John Lindsay, former head of air safety at British Airways, said this would have been the "ideal" time to take over the aircraft "because it would give a period of time when no one was aware of what the aircraft was doing".

He said this and the disabling of the plane's transponders - which transmit data on a plane's location to air traffic controllers - suggest it was well-planned.

"It seems to be more than just a strong coincidence that the loss of contact with the aircraft happened at the point of hand-over," he told Sky News.

"(Also) there's a lot of (communication) equipment on there, most of which operates automatically, and to disable particularly the ACARS (Aircraft Communications Addressing and Reporting System) it would need some preparation and forethought.

"It's quite doable, but it's not something the pilots would have been trained to do, whereas the air traffic control transponder is something that is routinely switched on and off as required.

"But the ACARS are a different matter as are the sat coms.
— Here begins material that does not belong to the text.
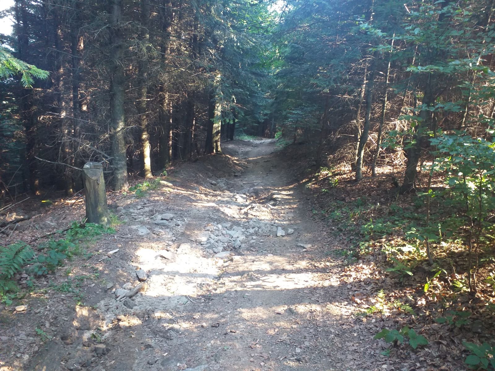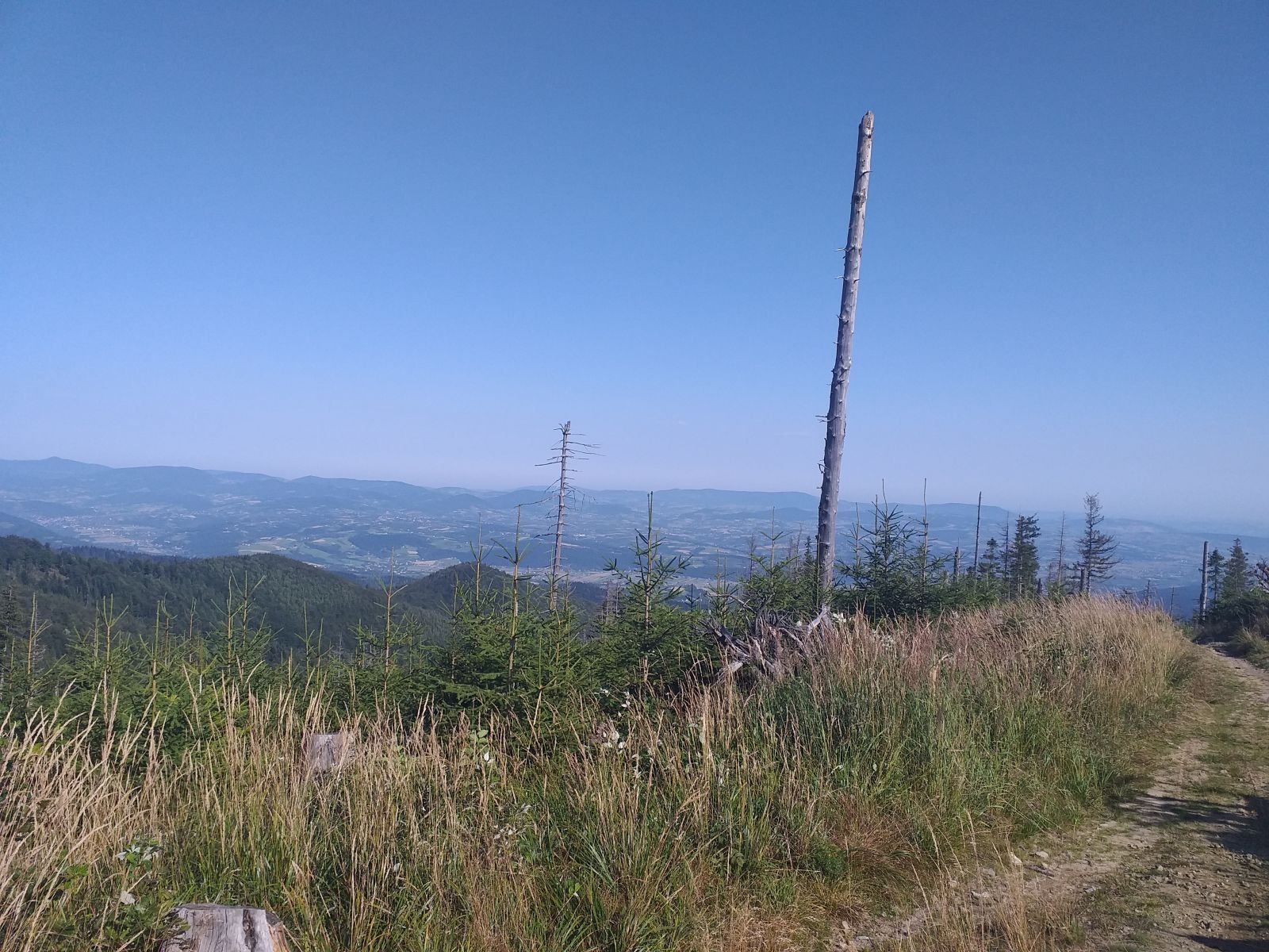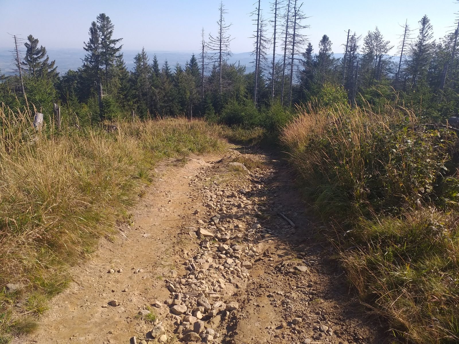 2. Pieszo: Droga z Gabonie na Przehybę jest najłatwiejszym wyborem dotarcia na szczyt, praktycznie do samego końca idziemy drogą asfaltową - czyli dla turystów amatorów strzał w dzesiątkę. Asfaltowa droga nie jest szlakiem turystycznym, nie znajdziemy tutaj żadnego oznakowania tak jak to ma miejsce na typowym szlaku. Przy parkingu znajduję się szlaban dalej autem już nie pojedziemy, no chyba, że lubimy kolekcjonować mandaty. Przy szlabanie znajduje się pomnik Jana Bielak długoletniego gospodarza schroniska, który w 1994 roku zginął tragicznie zjeżdżając skuterem nie zauważył że szlaban jest opuszczony. W początkowej fazie droga jest łagodna , raz po prawej , raz po lewej stronie płynie potok Jaworzynka. Po drodze liczne tablice informacyjne, możemy poznać m.im. fazy rozwoju drzewostanu:) W pewnym momencie ukazuję nam się nadajnik na Przehybie, tuż przy starym wyciągu przy Dolinie Jaworzynki (poniższe zdjęcie)

These things would have required some preparation and forethought about how they were going to be accomplished and when they were going to be accomplished."

He said it was "inconceivable" that someone in the passenger cabin would know the critical point at which the aircraft was being handed over to Vietnamese control.

This suggests either the collusion of the crew or someone in the flight deck when hand-over occurred.

Former BA pilot Alastair Rosenschein told Sky News it is "looking more likely" that the plane was hijacked.

"What is puzzling is the fact that the ACARS and the transponder appear to have been disabled or switched off or become unworkable at separate times," he said.

"It rather suggests that was a deliberate action."

Final satellite communication came more than six-and-a-half hours after the plane vanished from civilian radar.

Aviation security expert Philip Baum said the possibility of pilot suicide is now decreasing "because you would have expected a suicide pilot to simply crash the aircraft not carry on flying".

"So it now looks like we're dealing with a terrorist situation or with the actions of a deranged individual or an asylum seeker," he said.

Previous theories about why the plane vanished included a sudden mid-air explosion, catastrophic equipment or structural failure, or a crash into the South China Sea.

If a plane if hijacked, crew are trained to be compliant and do whatever they can to safeguard the plane and passengers.